---
title: "How to Speed Up Pandas? Performance Optimization Techniques for Data Analysis"
description: "Performance optimization techniques for pandas DataFrames"
author: "Bartosz Mikulski"
author_bio: "Principal AI Engineer & MLOps Architect. I bridge the gap between \"it works in a notebook\" and \"it works for 200 million users.\""
author_url: https://mikulskibartosz.name
author_linkedin: https://www.linkedin.com/in/mikulskibartosz/
author_github: https://github.com/mikulskibartosz
canonical_url: https://mikulskibartosz.name/how-to-speed-up-pandas
---

Update from 2025: Just use [Polars](https://pola.rs/) instead of Pandas.

The Pandas library uses only one core to run the operations, so there is a tremendous opportunity to speed it up even if you continue running the code on a single machine. This blog post lists three libraries you may want to try when you need your Pandas code to run faster.

## Modin

[Modin](https://github.com/modin-project/modin) speeds up Pandas operations by running them on all available CPU cores. Modin re-implements (almost) all of the Pandas functions to vectorize them and distribute them across the CPUs. Because of that, the API does not change, and all we need to do is:

```python
import modin.pandas as pd
```

Of course, some Pandas functions are not implemented yet, but the authors promise around 90% API coverage.

## Swifter

[Swifter](https://github.com/jmcarpenter2/swifter) improves only one Pandas function: the `apply` function, but it makes a huge difference when you use that function. Instead of using a loop to iterate over the content of the DataFrame, it supports three methods of parallelization.

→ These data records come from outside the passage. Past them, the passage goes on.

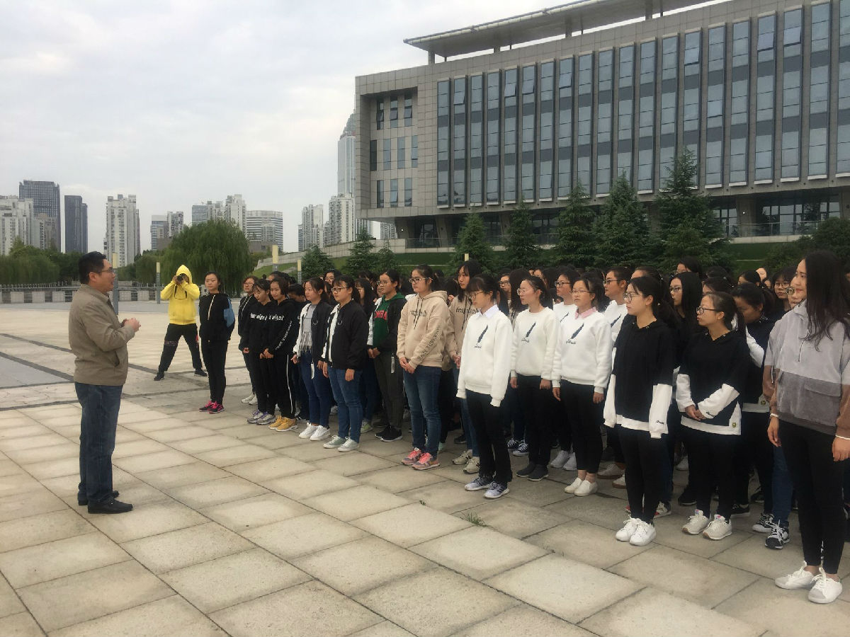 2017年10月10日清晨,QY球友会“四一工程”之晨舞在图书馆前拉开序幕,学院副书记徐红波老师给2017级全体员工做动员讲话。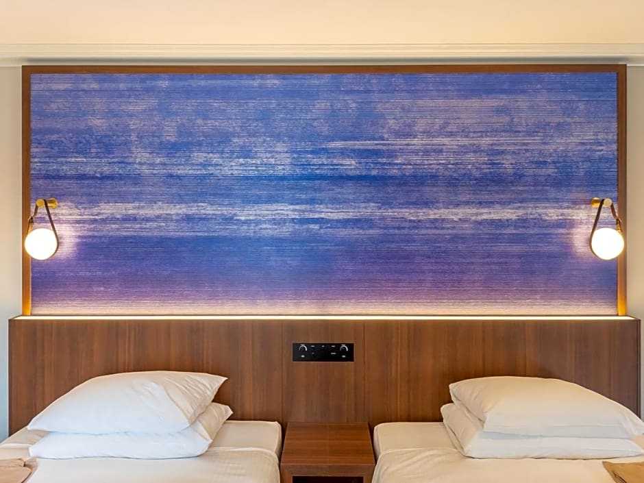 The spacious twin room offers air conditioning, a coffee machine, a terrace with garden views as well as a private bathroom featuring a bath. The unit offers 2 beds.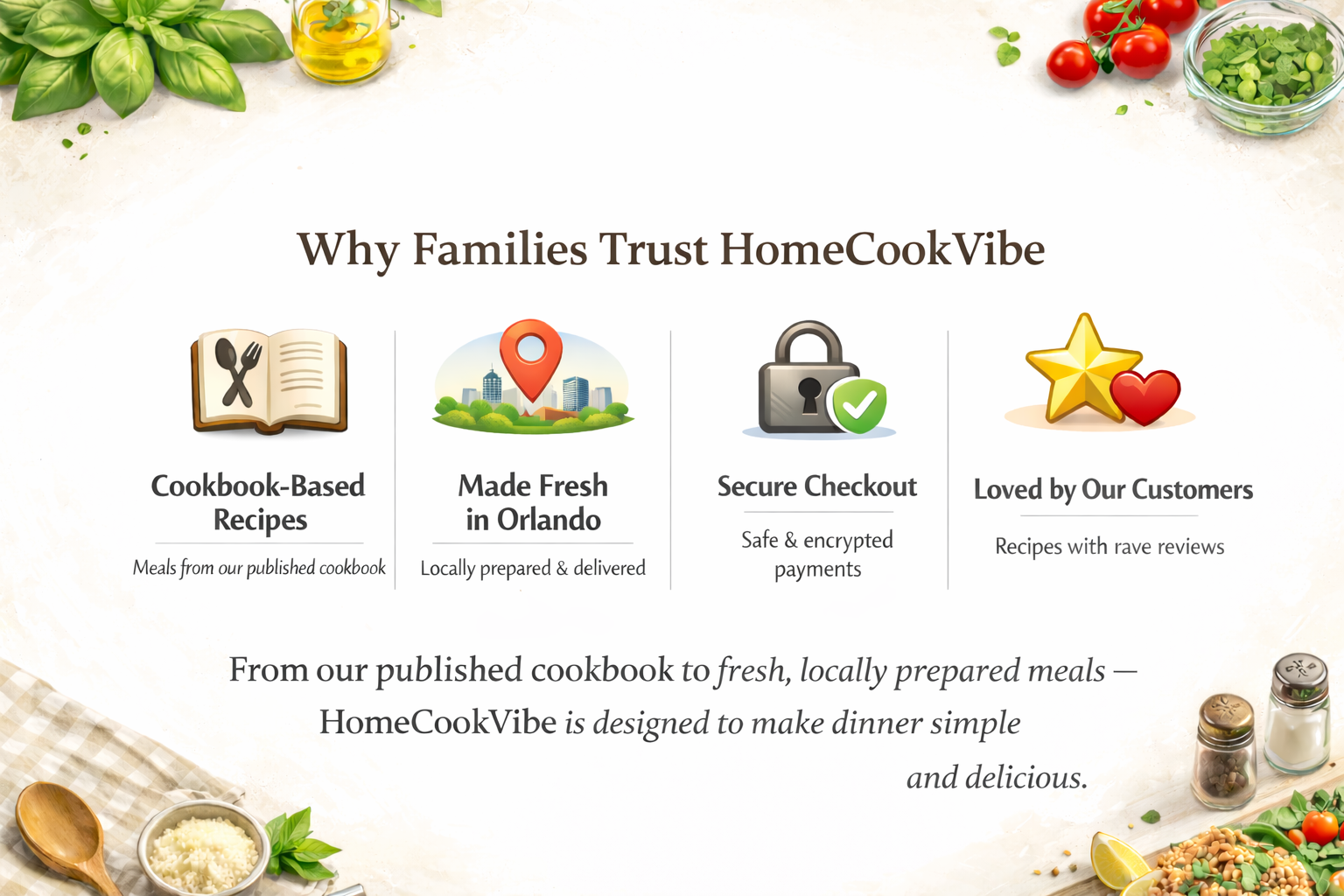 The HomeCookVibe Dinner System is your weekly solution for stress-free, great tasting dinners. Whether we deliver them ready to eat in Orlando or you cook them using our proven meal plan.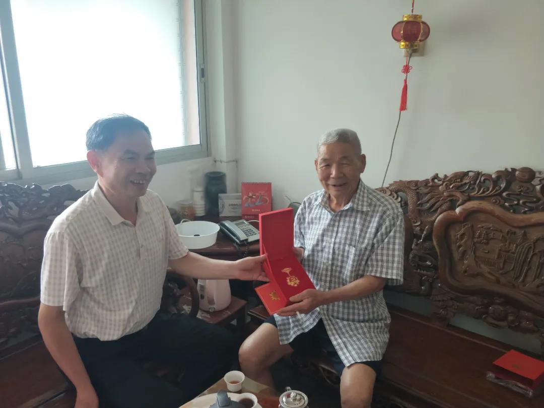 6月22日,市退役军人局领导分赴市军休所、第二军休所,为行动不便或其它原因未参加颁发仪式的军休干部老党员颁发纪念章。每到一处老党员家中,局领导都要亲自将纪念章颁发到他们手中,帮助他们佩戴在胸前,并对他们50年来为党、为人民所做的贡献表示衷心的感谢,同时亲切地慰问老党员们的身体、生活状况,并嘱咐他们保重身体,希望继续发挥余热,为漳州的社会发展和退役军人各项工作建言献策。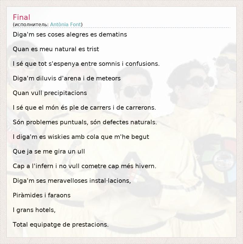 Это интересно:Группа Antònia Font была образована в 1997 году на о. Мальорка. Для музыки группы характерны мажорный тон и фантастические тексты на catala de Baleares – том варианте каталанского языка, на котором говорят на Балераских островах. Обычные для группы темы: астрономия, астронавтика, робототехника, море… Темы, несколько отличающиеся в большистве своём от тем других групп. Часто в композициях Antònia Font... продолжение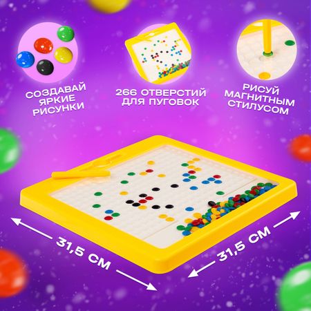 Магнитный планшет для рисования «Пуговки», большой, 10 трафаретов, 266 ячеек, 126 пуговок. Игра «Магнитное рисование» поможет обучить ребенка письму в дошкольном возрасте. В комплект входит планшет с разноцветными пуговками и ручка-магнит. Перемещать элементы легко – они сами слушаются палочку с намагниченным наконечником и перелетают в круглые прозрачные ячейки. Малышу не нужно прикасаться к ним руками – чтобы пуговка следовала за стилусом проведите им по панели перемещая в одно из отверстий. Пока ребенок совсем маленький, можно использовать обучающие карточки (входят в комплект) и повторять рисунки на них. Когда он подрастет, — придумывать сюжеты самому. Большое поле позволяет рисовать все, что придет в голову.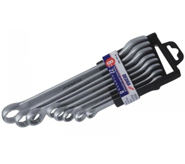 <ul> <li>Klucze płasko-oczkowe zestaw 8 szt</li> <li>Rozmiar kluczy płaskich: 6;8;10;12;13;14;17;19 mm</li> <li>Rozmiar kluczy oczkowych: 6;8;10;12;13;14;17;19 mm</li></ul>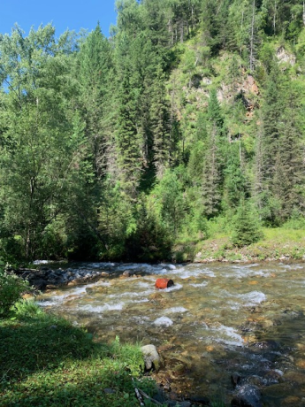 Давайте мы с вами объединимся в Единое Сакральное Сердце. И мы с вами переносимся на Алтай, вот к этому прекрасному пространству. Можно поместить это пространство в наше Единое Сакральное Сердце и свое собственное. Видите, какой прекрасный летний день, тепло, хорошо, прекрасная свежесть идет от этого ручья, птицы поют, бабочки летают (бабочки там постоянно на нас садились), то на шляпу, то на курточку сядут, все очень красиво. Вокруг много лесной клубники, и мы ее кушали. И голубое небо и на нем появляется символ озера.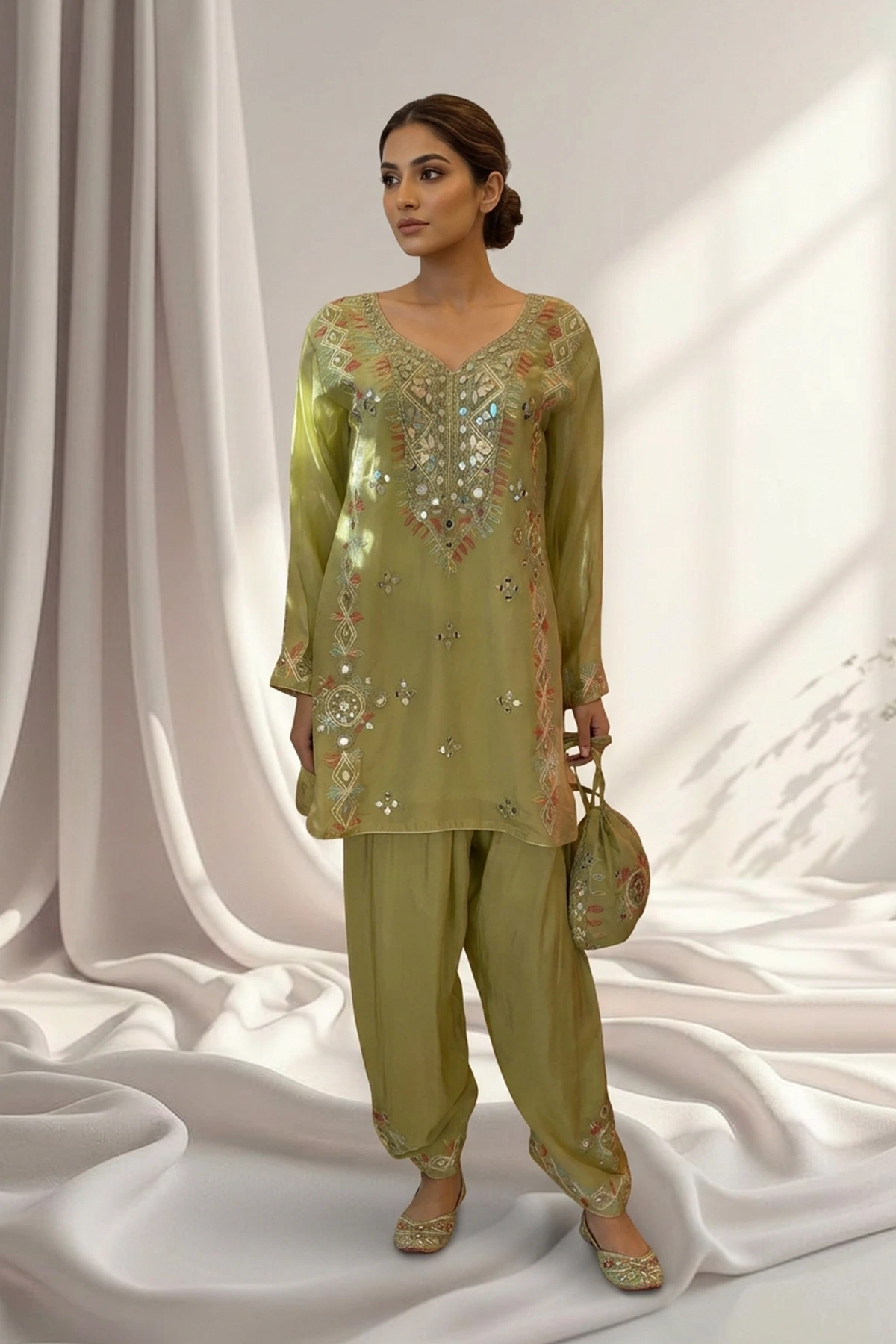The look is completed with a matching embroidered potli bag, adding a charming, thoughtfully coordinated accessory that elevates the outfit’s overall elegance.

It can either run the code on a Dask cluster, use Modin to vectorize operations or run a custom vectorization.

The setup is quite simple:

```python
import pandas as pd
# or
import modin.pandas as pd

import swifter
```

## Dask

Finally, we can run a separate cluster to execute the code. In [Dask](https://docs.dask.org/en/latest/), the setup is not trivial anymore because it requires installing the cluster and a few modifications in the application code. However, it may be worth the effort because we can always scale up the cluster to get better results.

Of course, **if you try to speed up processing a small amount of data (small = fits in memory on a laptop), Dask will not help you**. The overhead of parallelizing the tasks will most likely lead to a longer processing time than running the same code on a laptop.